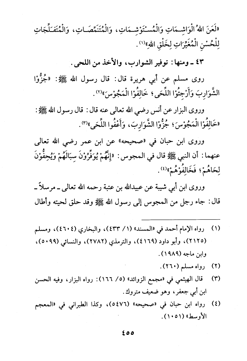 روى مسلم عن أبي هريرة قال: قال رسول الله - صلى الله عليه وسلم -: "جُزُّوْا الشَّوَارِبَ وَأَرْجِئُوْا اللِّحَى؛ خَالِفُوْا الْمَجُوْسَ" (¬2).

* * *

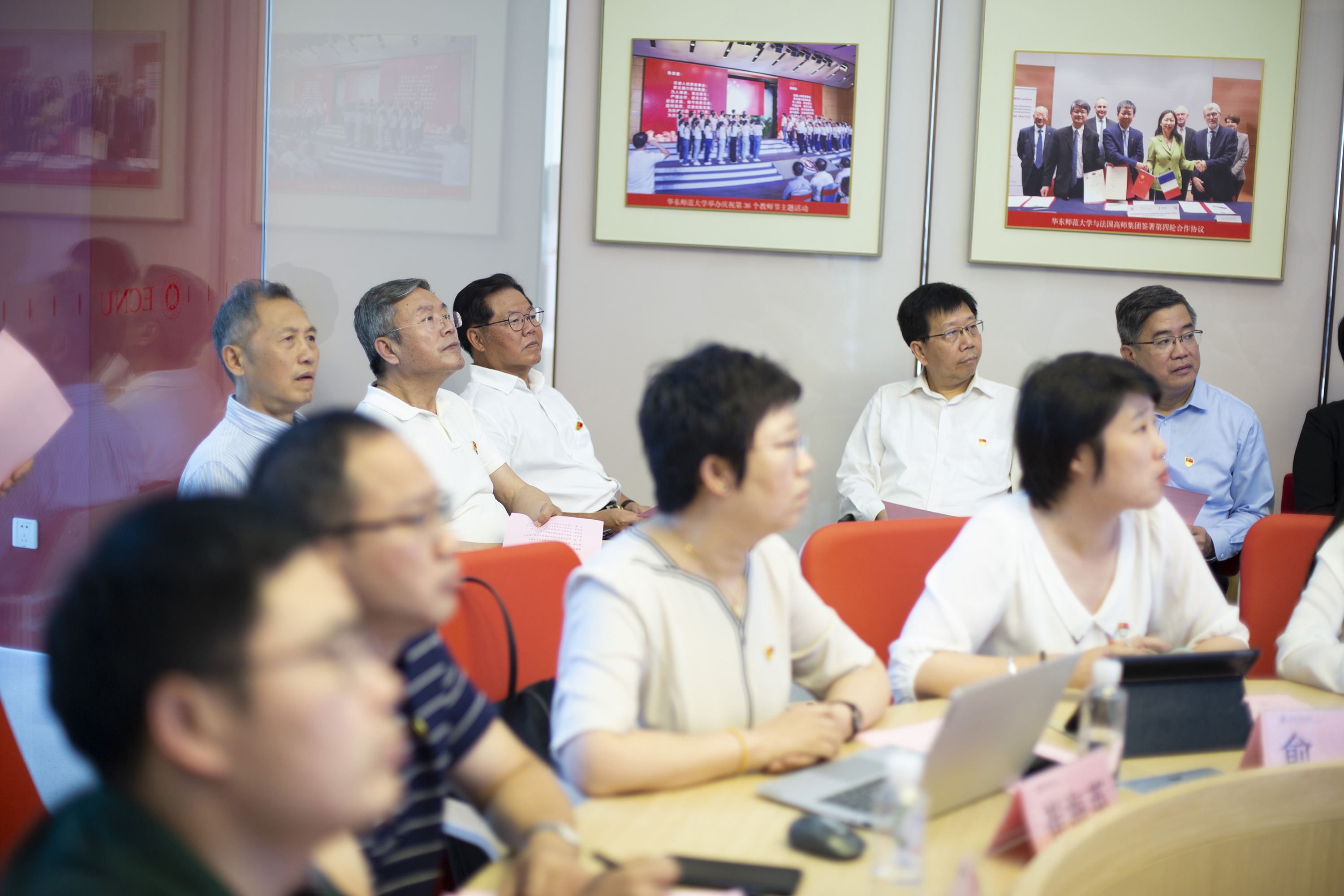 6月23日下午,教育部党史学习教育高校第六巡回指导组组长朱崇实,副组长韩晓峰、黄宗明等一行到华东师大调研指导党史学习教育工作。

---

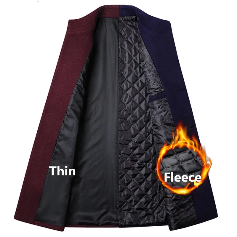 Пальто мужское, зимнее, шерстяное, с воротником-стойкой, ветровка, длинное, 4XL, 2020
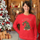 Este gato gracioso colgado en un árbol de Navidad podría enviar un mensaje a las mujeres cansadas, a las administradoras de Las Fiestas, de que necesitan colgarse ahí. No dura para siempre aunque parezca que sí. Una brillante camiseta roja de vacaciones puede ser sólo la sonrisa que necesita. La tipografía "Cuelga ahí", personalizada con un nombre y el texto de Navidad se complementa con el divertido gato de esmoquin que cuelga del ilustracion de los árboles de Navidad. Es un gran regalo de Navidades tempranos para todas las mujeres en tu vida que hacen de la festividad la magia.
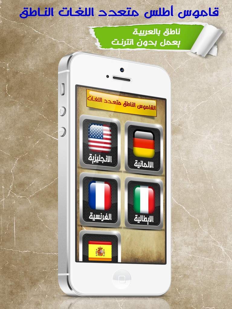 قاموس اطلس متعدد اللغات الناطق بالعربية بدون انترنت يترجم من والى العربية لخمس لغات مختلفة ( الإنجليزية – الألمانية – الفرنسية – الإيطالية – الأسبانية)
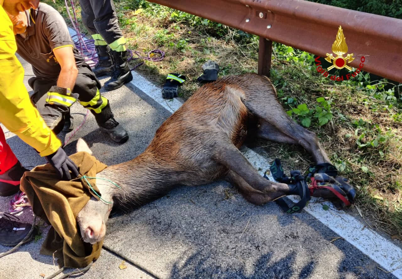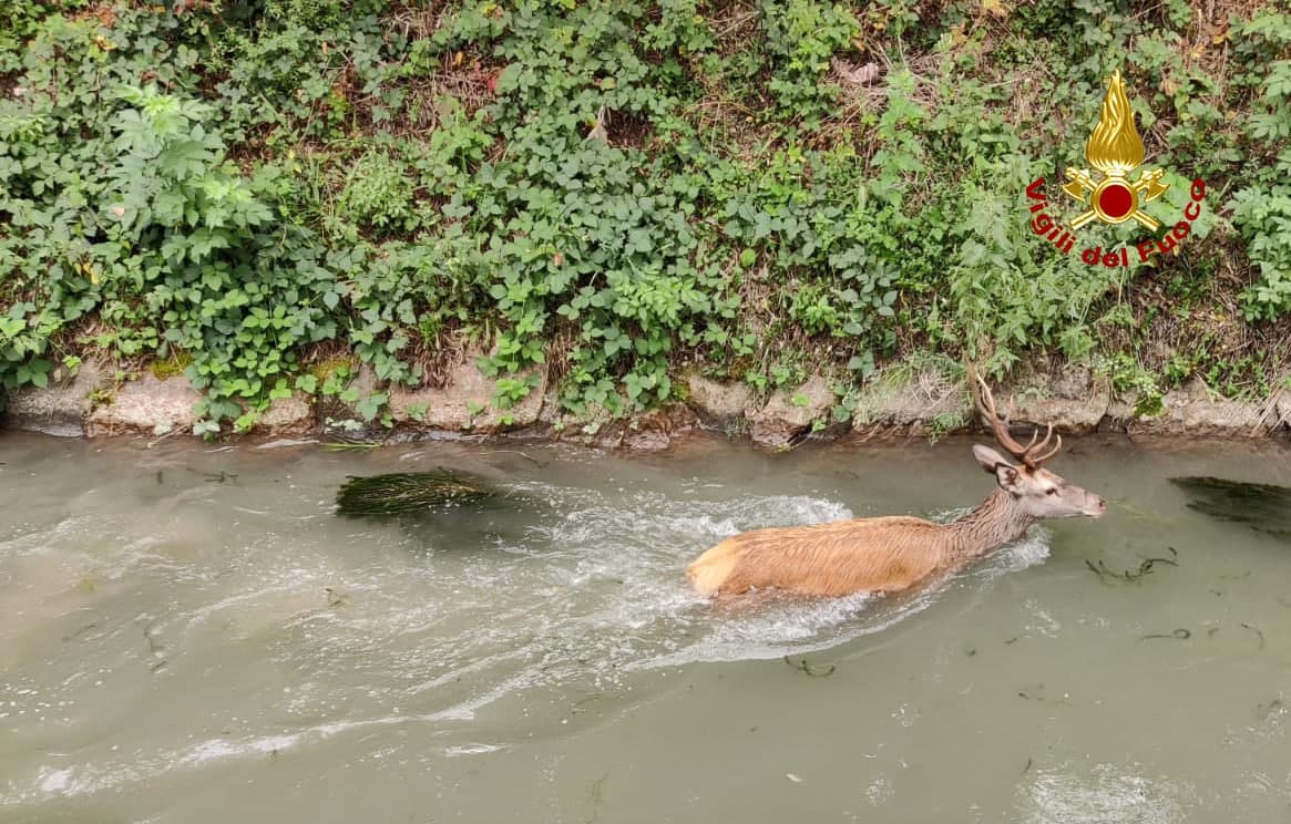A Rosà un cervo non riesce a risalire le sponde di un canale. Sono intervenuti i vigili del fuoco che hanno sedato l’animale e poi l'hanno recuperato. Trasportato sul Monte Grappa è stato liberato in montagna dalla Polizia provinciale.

■ Task brief ■
Transcribe exactly the lines above, beginning at the one with "Пальто мужское, зимнее, шерстяное, с" and going up to and including the one with "A Rosà un cervo". Pictures do not belong in the copy.

■ Answer to the exercise ■
 Пальто мужское, зимнее, шерстяное, с воротником-стойкой, ветровка, длинное, 4XL, 2020
 Este gato gracioso colgado en un árbol de Navidad podría enviar un mensaje a las mujeres cansadas, a las administradoras de Las Fiestas, de que necesitan colgarse ahí. No dura para siempre aunque parezca que sí. Una brillante camiseta roja de vacaciones puede ser sólo la sonrisa que necesita. La tipografía "Cuelga ahí", personalizada con un nombre y el texto de Navidad se complementa con el divertido gato de esmoquin que cuelga del ilustracion de los árboles de Navidad. Es un gran regalo de Navidades tempranos para todas las mujeres en tu vida que hacen de la festividad la magia.
 قاموس اطلس متعدد اللغات الناطق بالعربية بدون انترنت يترجم من والى العربية لخمس لغات مختلفة ( الإنجليزية – الألمانية – الفرنسية – الإيطالية – الأسبانية)
A Rosà un cervo non riesce a risalire le sponde di un canale. Sono intervenuti i vigili del fuoco che hanno sedato l’animale e poi l'hanno recuperato. Trasportato sul Monte Grappa è stato liberato in montagna dalla Polizia provinciale.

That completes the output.